To realize his dream, Hansen is empowering others to identify issues in their communities, followed by finding innovative solutions. “Whether it's visible or invisible, find an accessibility barrier in your community,” Hansen insists. “Take the initiative to set a goal—be it joining a team, volunteering your time or raising money.”
A foundation dedicated to increasing public dialogue around disability issues (which includes awarding municipalities grant money to improve on its accessible spaces), the Rick Hansen Foundation seizes every opportunity to stir up conversation.
"We need every citizen to believe that they are champions and difference makers, with a responsibility to play small or large roles in making Canada and the world a better place."
The public's response has Hansen feeling optimistic. “I’m encouraged to see Canadians identifying projects that include additions such as ramps to make schools, playgrounds and libraries more accessible; installing lifts to the aquatic centre in their community and adding sensory features to public parks to enhance the experience and wayfinding for people who are blind and deaf.”

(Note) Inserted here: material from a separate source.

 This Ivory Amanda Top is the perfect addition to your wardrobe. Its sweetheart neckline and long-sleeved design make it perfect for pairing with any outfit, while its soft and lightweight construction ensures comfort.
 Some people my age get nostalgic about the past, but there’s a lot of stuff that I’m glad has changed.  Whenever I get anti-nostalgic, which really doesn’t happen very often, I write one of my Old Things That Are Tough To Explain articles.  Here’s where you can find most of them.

Out to transform the world’s perception on disabilities, Hansen opens up about his mission in life.
Q&A with Rick Hansen
You're a long-time WE Day speaker; given your experience with all the young change-makers in the WE community, why would you say "we" is stronger than "me?"
We are all interconnected, relying on each other as a global society, as a family and a community.

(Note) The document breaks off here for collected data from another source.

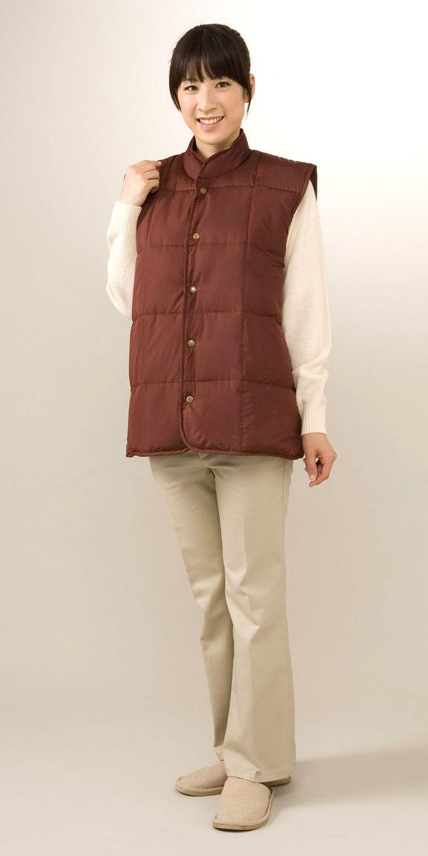 | フェザーとダウン入りなのでとてもあたたかい羽毛ベストです。袖がないので家事などの作業もしやすいです。 |
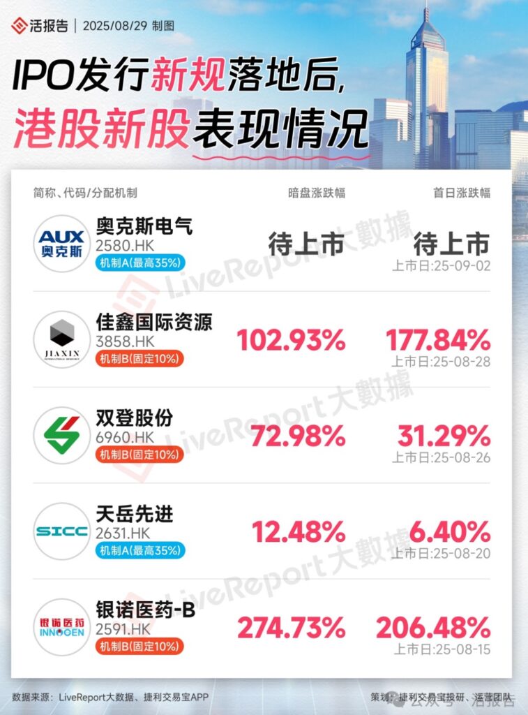 IPO 发行新规落地后,港股新股呈现不同表现。佳鑫国际资源、银诺医药 – B 等多只新股暗盘和首日均有大幅上涨,佳鑫国际资源首日涨幅达 177.84%,银诺医药 – B 暗盘涨 274.73%、首日涨 206.48%;双登股份、天岳先进也有一定涨幅;奥克斯电气则待上市。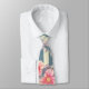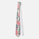 Uma gravata com um belo padrão, com flores bonito cor-de-rosa, coladas sobre um padrão listrado composto por listras azuis e cremosas.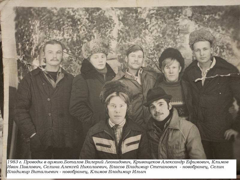 Кривощеков Виталий Владимирович, 2 ноября 1955 г.р., образование 8 классов (Ганёвская начальная и Архангельская восьмилетняя школы), заканчивает СПТУ№70 с.Юсьва, электрик в колхозе «Совет», женат, два сына.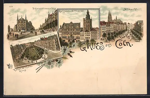 Lithographie Köln, Hohenzollernring, Rathaus und Altmarkt, Kaiser Wilhelm Ring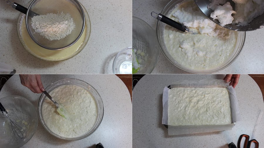 Añadimos la harina poco a poco a la mezcla anterior y las claras montadas poco a poco y con movimientos envolventes para que no se nos bajen las claras.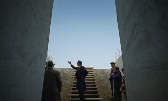 As the screenplay by Corbet and his co-writer Mona Fastvold steadily builds up the story and characters with more details, the movie constantly impresses us with a number of stunning visual moments to be appreciated. Cinematographer Lol Crawley did a superlative job of filling the screen with vivid and realistic period atmosphere (The movie was actually shot via the VistaVison process and cameras for accentuating that, by the way), and the result is seamlessly mixed with the occasional archival footage clips from the 1950-60s. The editing by Dávid Jancsó is precise and efficient in maintaining the narrative pacing throughout the film, which is incidentally more than 3.5 hours including the 15-minute intermission part. The score by Daniel Blumberg feels a little too simple and restrained, but it still plays a crucial part in setting the tone of several key scenes in the movie.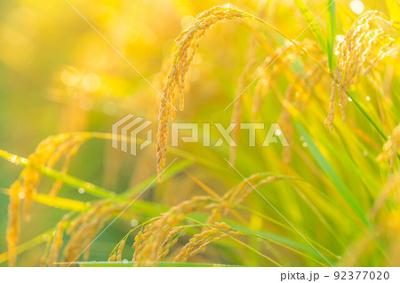 【秋素材】朝露をまとった稲【長野県】

And within that collective, everyone is different, which is a strength, no?
Yes. "We" reflects and respects our diversity as human beings and implies that together we are stronger. "We" bring different points of views and perspectives that exceed individual talents manifested in isolation. "We" also implies a responsibility to help each other—to be collaborative and compassionate.
You're a role model to all the students in the WE Day audience. Is mentorship important to you? Mentorship has been a huge gift in my life. My mentor, Stan Stronge, took me under his wing and helped me shift my attitude to see possibilities at a very challenging time after my injury. He changed my life by encouraging me to be a part of wheelchair basketball, helping me find affordable housing in Vancouver when I went to school and showed me how to access grants to fund my wheelchair equipment. He even helped me get a summer job at the B.C. Wheelchair Sports Association. He was always kind and compassionate. Stan inspired me to develop a sense of social responsibility and encouraged me to pay it forward.
How can the rest of us take a page from your book and pay it forward?
Be difference makers. We need every citizen to believe that they are champions and difference makers with a responsibility to play small or large roles in making Canada and the world a better place. Inclusivity is key, and we need more people committed to respect and honour the diversity of our country.
You've dedicated your life to teaching others why accessibility matters. What are the core values of an ideal Canada where this is clear?
My ideal Canada is a country where people are healthy, and we can all live in an inclusive, respectful society, within a clean environment.